I wanted to build a scoring model that could factor in the actual risk posture of an account, the financial damage a disruption would cause, and whether they had the budget and operational maturity to do something about it. So I built SentinelChain.
SentinelChain
No, don’t run a Google search in the next tab or ask your favorite LLM if there’s a new company building cool stuff. It’s fictional, and the data is synthetic. It just mirrors the economics of real mid-market manufacturing portfolios. The product concept: score a universe of manufacturers on how exposed they are to supply chain disruption, how much it would cost them financially, and whether they’re in a position to buy software that helps them get ahead of it. Then rank them, segment them into tiers, and hand the output to a GTM team that knows exactly who to call and what to say.
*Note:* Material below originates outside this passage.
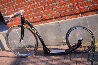Der Effendi ATR (AllroundTretRoller). Die Gabel hat negative Gabelvorbiegung und ist für 65 mm-Nabe gebaut. Lenkwinkel ist 75°, also steiler als üblich. Dadurch wird der Roller nicht so lang, aber die Lenkerposition ist wie beim RTR. Als Farbe habe ich "dormant fire red" (mit schwarzer Schrift) gewählt. Reifenbreiten gehen bis 50 mm (Big Apple). Größe 451 ist auch möglich. Der ATR scheint mit Ultremo ZX 406-Reifen nicht wirklich langsamer zu sein als der RTR28 mit Conti GP4000, was mich selbst erstaunte.

The target buyer here is a VP of Operations or COO at a company doing $200M to $2B in revenue with a global supplier footprint and margins thin enough that one bad quarter from one bad supplier changes the year. If this sounds like you, maybe we should talk. But the real point of this project was the targeting system. How do you figure out which of these companies to talk to first.
How Most Teams Do ICP Scoring
The usual approach: marketing pulls a list from ZoomInfo or a similar platform, filters by industry and revenue, maybe layers in some intent data, and hands it to sales. The SDR team works it top to bottom with some light prioritization by company size.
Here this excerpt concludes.